Union-find

Table of contents

  1. Introduction
  2. Representing a union-find
  3. References

Introduction

A union-find data structure (also known as a disjoint set), is used to efficiently store items in disjoint (non-overlapping) sets.

The key union-find operations are:

  • make_set(x): make set with x as a member of its set.
  • find(x): return the root element of x.
  • union(x,y): combine the sets of x and y.

Union-find represents sets as a backwards tree, where each node has a corresponding parent. The root node defines which set the node and all its children are in.

A root node has its parent set to itself, to identify that it’s the root in a set. [1, P. 199].

Figure: Two sets and their representation in an array

Merging sets can be done by setting the parent of one set to the parent of another.

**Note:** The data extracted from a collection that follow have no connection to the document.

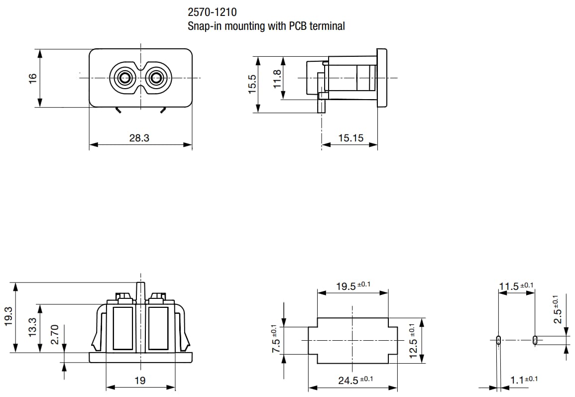 Schurter 2570 IEC Appliance Terminals are designed to allow connections to the equipment circuitry using a separate detachable AC line cord. These Schurter terminals have a high-quality Polyamide 6 (PA6) housing which has a flammability rating of UL 94V-0. The 2570 terminals have an operating temperature range of -25°C to +70°C, a panel thickness of 0.6mm to 2mm for snap-in, and 1.5mm for split-panel. These terminals are available in inlet C8 solder, quick connect, and PCB variants and are suitable for appliances with protection class II.Features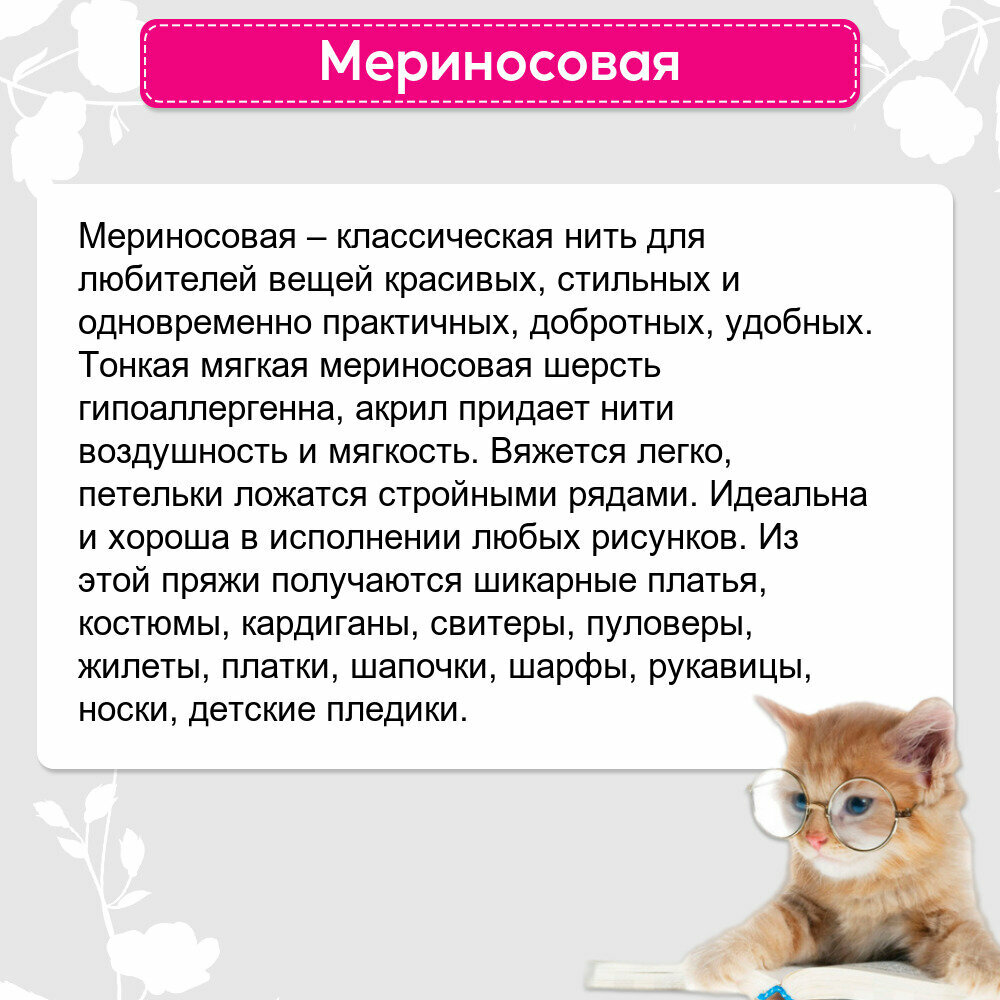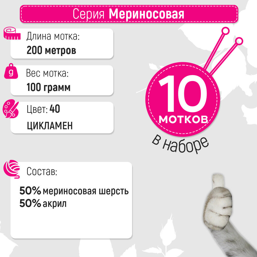 Ниже Вы можете прочитать отзывы на Пряжа для вязания Пехорка 'Мериносовая', 100г, 200м (50% шерсть, 50% акрил) (40 цикламен), 10 мотков, ознакомится с подробными характеристиками, посмотреть интересные обзоры и фотографии на Пряжа для вязания Пехорка 'Мериносовая', 100г, 200м (50% шерсть, 50% акрил) (40 цикламен), 10 мотков.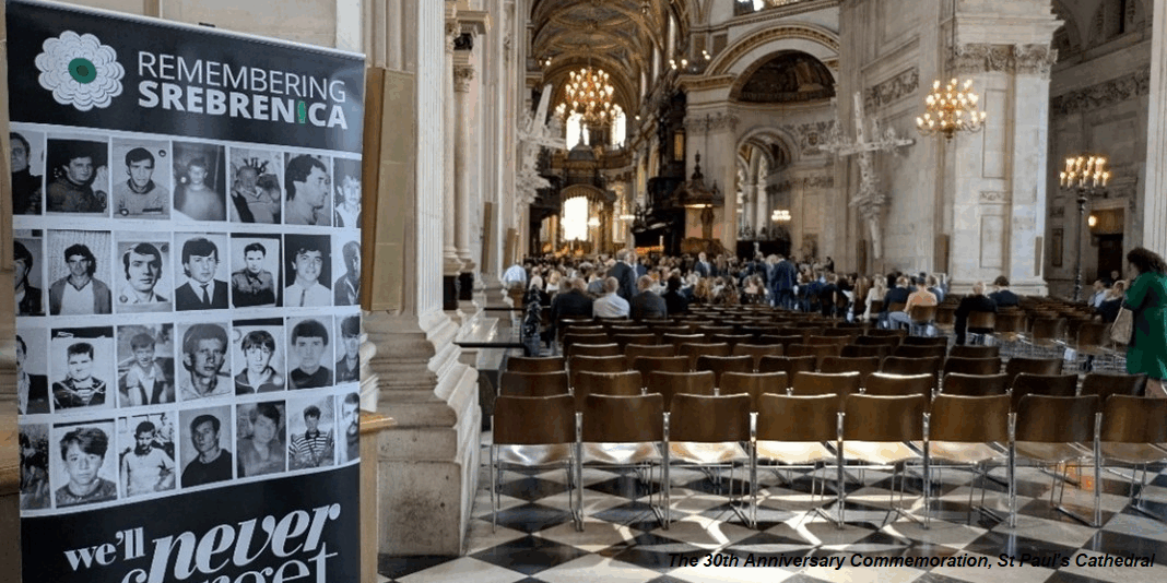 The national commemorations, organised by Remembering Srebrenica UK, ensure that the Bosnian genocide is never forgotten. In the nave of St Paul’s, a poster displayed the photographs of Srebrenica victims, illustrating this.

In the case of a merge, the smallest subtree becomes the parent of the other [1, P. 199].

At most lg2n doublings can occur before all sets have been merged. That means find and union are both O(log n) operations [1, P. 201].

Representing a union-find

A union-find can be represented as an array of nodes:

typedef struct {
  int p[SET_SIZE+1]; // parent element
  int size[SET_SIZE+1]; // number of elements in subtree i
  int n; // number of elements in set
} set_union;

The following are implementations of the key operations:


void set_union_make_set(set_union *s, int x) {
  s->p[i] = i;
  s->size[i] = 1;
}

void set_union_init(set_union *s, int n) {
  for (int i = 1; i <= n; i++) {
    set_union_make_set(s, i)
  }
  s->n = n;
}

int set_union_find(set_union *s, int x) {
  if (s->p[x] == x) {
    return(x);
  }
  return set_union_find(s, s->p[x]);
}

int set_union_union(set_union *s, int s1, int s2) {
  int r1, r2; /* roots of sets */
  r1 = find(s, s1);
  r2 = find(s, s2);
  if (r1 == r2) return;

  if (s->size[r1] >= s->size[r2]) {
    s->size[r1] = s->size[r1] + s->size[r2];
    s->p[r2] = r1;
  }
  else {
    s->size[r2] = s->size[r1] + s->size[r2];
    s->p[r1] = r2;
  }
}

[1, P. 200]

References

  1. [1] S. Skiena, The Algorithm Design Manual, 2nd ed. Springer, 2008.